If you dig a little deeper into it, it does all the type and value validation, file validation, it does required and mutually exclusive args, it does subargs. And it lets you do special cases of just about anything.

And of course it does the "normal" stuff like short + long args, boolean args, args that are lists, default values, and help strings.

[+] MrJohz|6 months ago|reply
Actually, I think argparse falls into the same trap that the author is talking about. You can define lots of invariants in the parser, and say that these two arguments can't be passed together, or that this argument, if specified, requires these arguments to also be specified, etc. But the end result is a namespace with a bunch of key-value pairs on it, and argparse doesn't play well with typing systems like mypy or pyright. So the rest of the tool has to assume that the invariants were correctly specified up-front.

The result is that you often still this kind of defensive programming, where argparse ensures that an invariant holds, but other functions still check the same invariant later on because they might have been called a different way or just because the developer isn't sure whether everything was checked where they are in the program.

What I think the author is looking for is a combination of argparse and Pydantic, such that when you define a parser using argparse, it automatically creates the relevant Pydantic classes that define the type of the parsed arguments.

[+] geon|6 months ago|reply
I just recently implemented my own parser combinator lib in typescript too. It was surprisingly simple in the end.

This function parses a number in 6502 asm. So `255` in dec or `$ff` in hex: https://github.com/geon/dumbasm/blob/main/src/parsers/parseN...

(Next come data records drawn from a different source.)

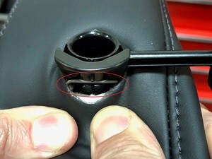 - 下压内侧座椅头枕柱 LH 侧上的材料(头枕下方),露出将头枕柱固定到驾驶位靠背的固定弹簧。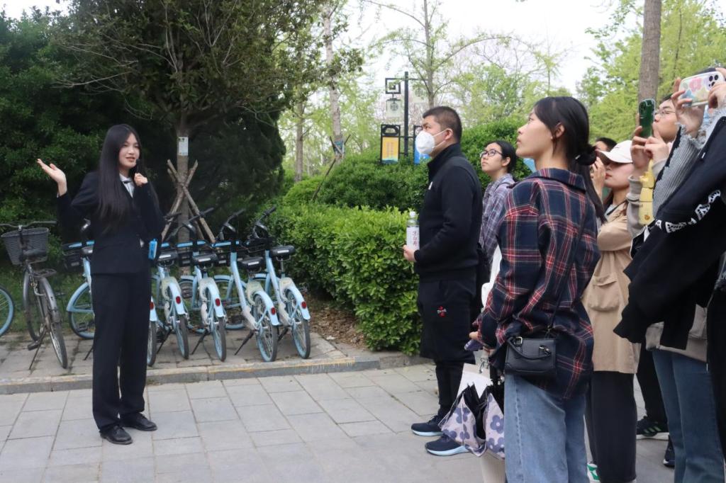 近代建筑群,并在庄重的大礼堂前合影留念。随后,大家继续参观设计精巧、端庄厚重的校史馆与馆藏丰富的文物馆,了解古典美丽的河大校园与其背后所积淀的深厚文化底蕴。一路上,讲解员的讲解伴随着欢快的鸟鸣声声入耳,生机勃勃的自然景色和设计精巧的建筑群相得益彰,大家与春风撞个满怀,与铁塔相望,宴游河大。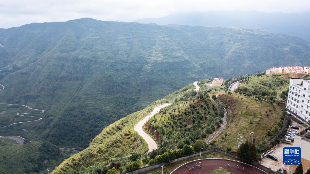 新能源汽车在盘州市乌蒙镇的充电桩设施充电(图右下)(9月21日摄,无人机照片)。 新华社记者 陶亮 摄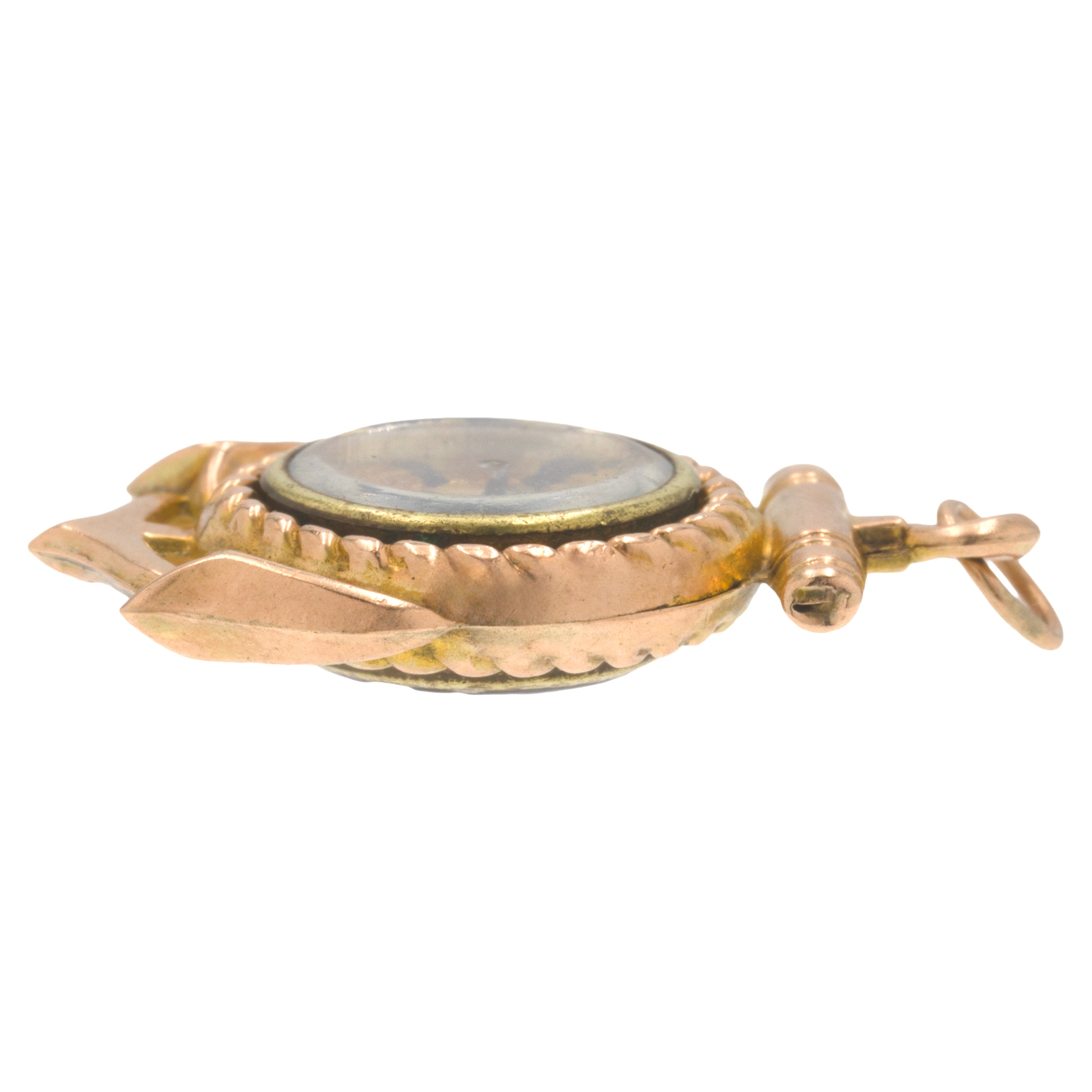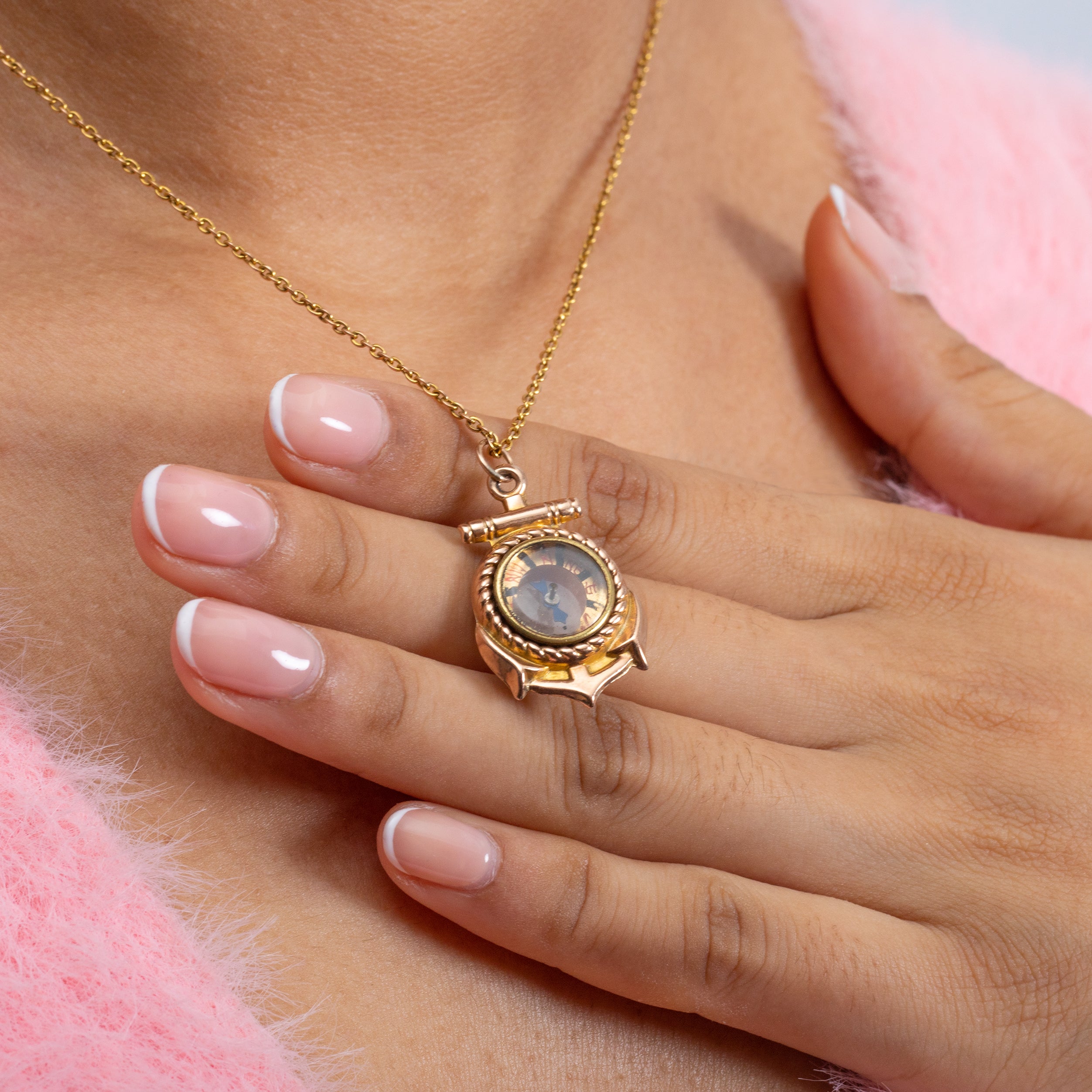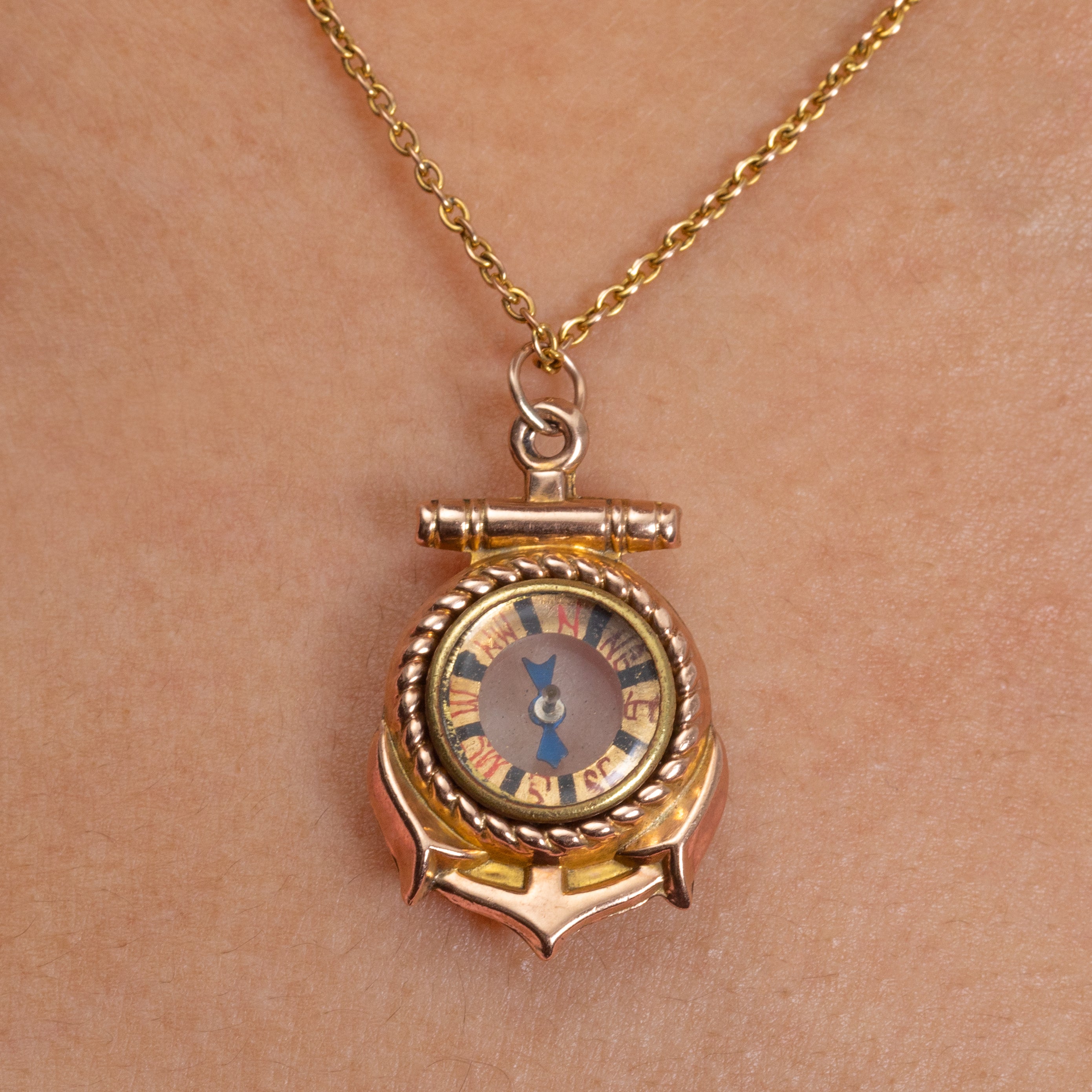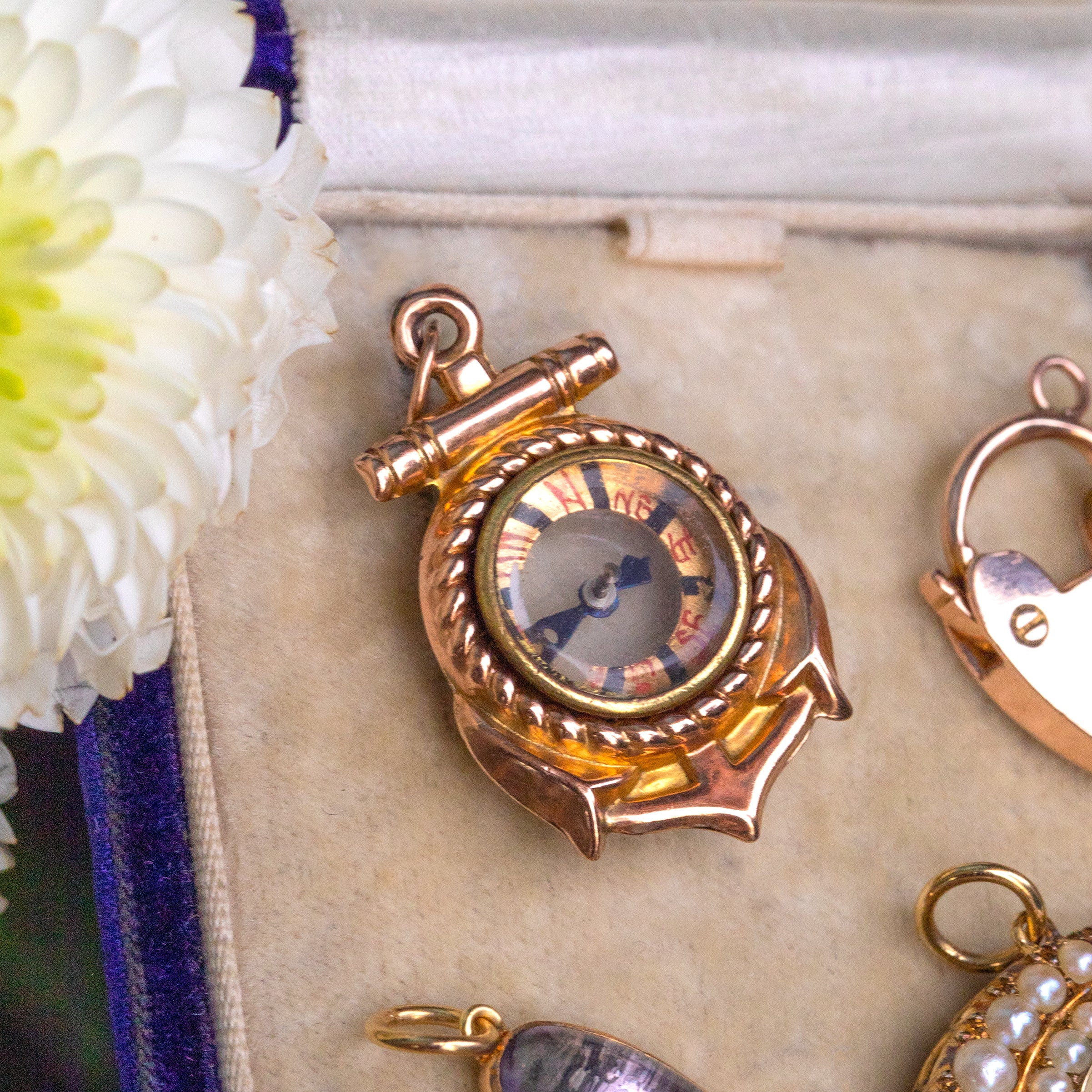 Bring a touch of nautical charm to your repertoire with this delightful antique 9ct Gold anchor compass pendant! Crafted entirely from buttery 9ct Gold, this Victorian pendant has been formed into a striking anchor and is complete with a compass centrepiece haloed by a decorative rope border.

I looked at several typescript libraries but they all felt off. Writing my own at least ensured I know how it works.

[+] AndrewDucker|6 months ago|reply
This is one of the things that makes me glad that PowerShell does all of this intrinsically. I define the parameters, it makes sure that the arguments make sense and match them (and their validation).
[+] AnimalMuppet|6 months ago|reply
Well, they're dictating that if you want them to use it, do it this way. Some people want others to use the programs they write; for such people, the GP actually has been given the right to have some valid say in the matter.

Why CLIs in particular? Because they usually are smaller tools. For a big, important tool, you might be willing to jump through more hoops (installing the right runtime), but for a smaller, less important tool, it's just not worth it.

[+] dvdkon|6 months ago|reply
I, for one, do think the world needs more CLI argument parsers :)

This project looks neat, I've never thought to use parser combinators for something other than left-to-right string/token stream parsing.

And I like how it uses Typescript's metaprogramming to generate types from the parser code. I think that would be much harder (or impossible) in other languages, making the idiomatic design of a similar similar library very different.